In this study, we integrate genomic data into the distribution modelling of a lacertid lizard species, the Large Psammodromus Psammodromus algirus , whose phylogeographical and ecological differentiation is well characterized (Carranza et al. 2006, Díaz et al. 2017, Llanos-Garrido et al. 2019). This lizard is widespread across the Western Mediterranean region, and its range encompasses contrasting environmental conditions, extending from northern Africa in the south to southwest France in the north, and from Portugal in the west to Tunisia in the east (Fig. 1A). We used 21 loci putatively under selection (hereafter outliers; Llanos-Garrido et al. 2019) to model distribution boundaries on the basis of five closely located central populations that cover a representative fraction of the environmental variation faced by P. algirus across its entire distribution range.

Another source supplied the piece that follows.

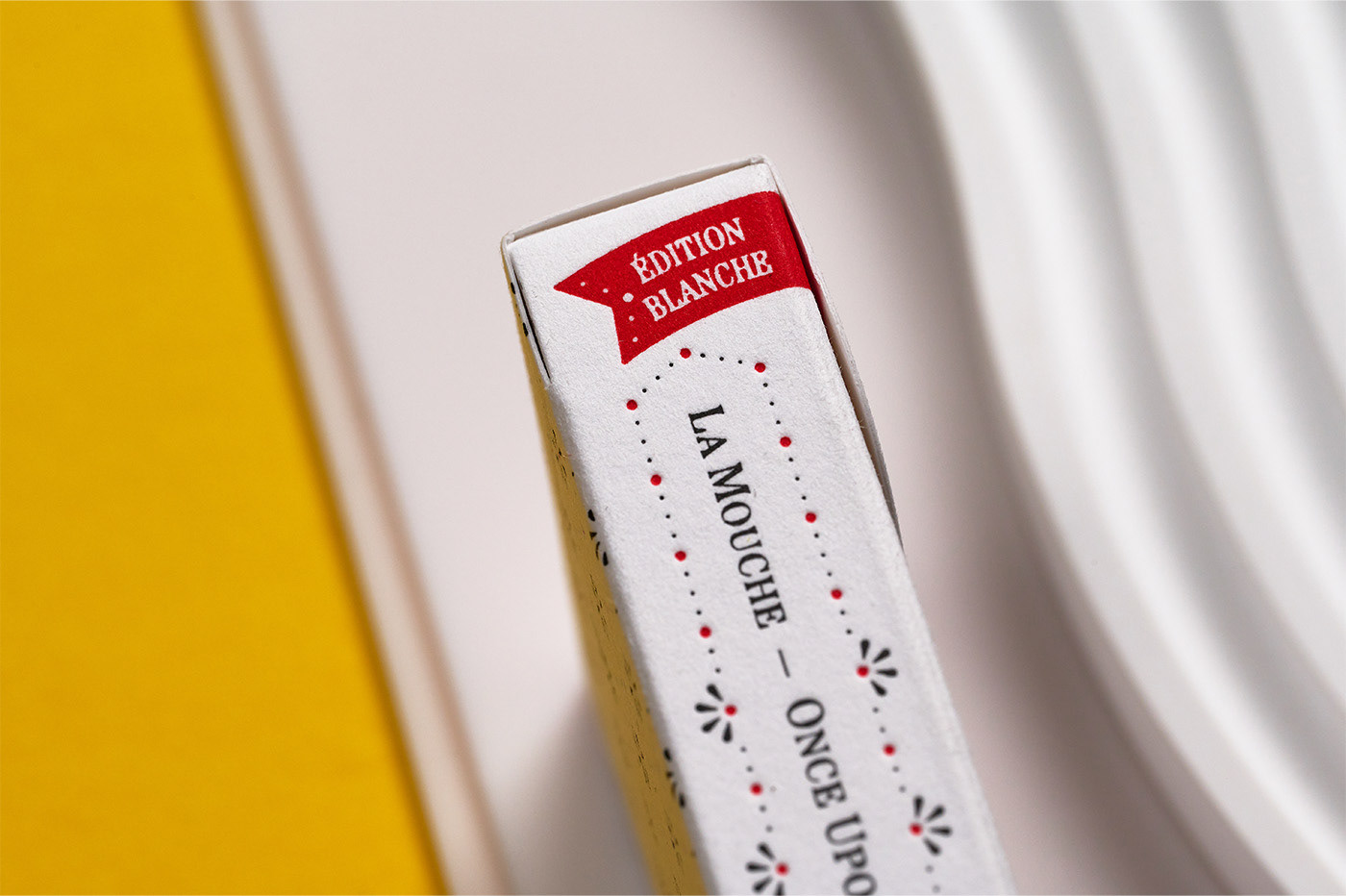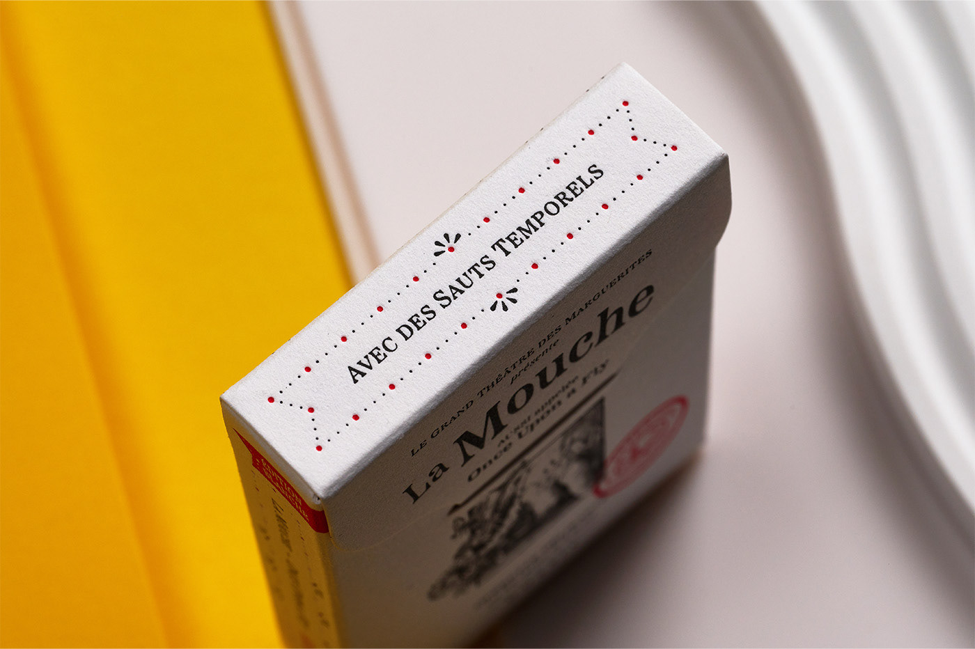 La Mouche Blanche is the classic edition of La Mouche and has been printed by Expert Playing Card Co. on their classic linen-finish stock, featuring silver cold foil on the faces. The custom-shaped tuck box, inspired by an opera libretto and echoing vintage packaging designs, has been manufactured in Italy by Boschiero & Newton using letterpress printing on high-quality Gmund Cotton paper stock

These outlier SNPs were identified by two methods of outlier detection, one of them independent of population coancestry (an extension of the Lewontin–Krakauer test; Bonhomme et al. 2010) and the other one not (Bayescan v.2.1; Foll and Gaggiotti 2008). To model the distribution of P. algirus from these SNPs putatively under selection, we ran an environmental association analysis (Rellstab et al. 2015) with allelic variants at loci under selection as predictors, and we extrapolated, for all possible allelic combinations at those loci, the geographical locations with suitable environmental conditions. By doing so, we were able to infer not only an ecological niche model of the whole distribution range of the species, but also the genotypes that would potentially be adapted to each geographical grid cell within it. We assumed a simple model without center-border biases, and in which every genotype is able to reach every geographic cell. Also, we only used the (adaptive) genetic variation at those particular loci likely to be associated with environmental conditions, in such way that we could know whether actual range limits are linked to adaptability thresholds determined by the amount of additive genetic variance available for selection. This approach allowed us to test whether a species’ distribution range can be explained by the genetic dynamics that shape local adaptation, without invoking demographic processes such as gene swamping or increased homozygosity near the edge of the range (Herrera and Bazaga 2008; Polechová et al. 2009).
Specifically, we aimed to answer the following questions: 1) Is it possible to infer an entire distribution range on the basis of a limited number of outlier loci? 2) How important are limitations to dispersal in defining a species’ range limits? 3) Are there fewer genotypes adapted to marginal conditions than to core conditions? And 4) is there an adaptability threshold, determined by the availability of genetic variance under selection, that constrains the expansion of the range beyond its actual boundaries?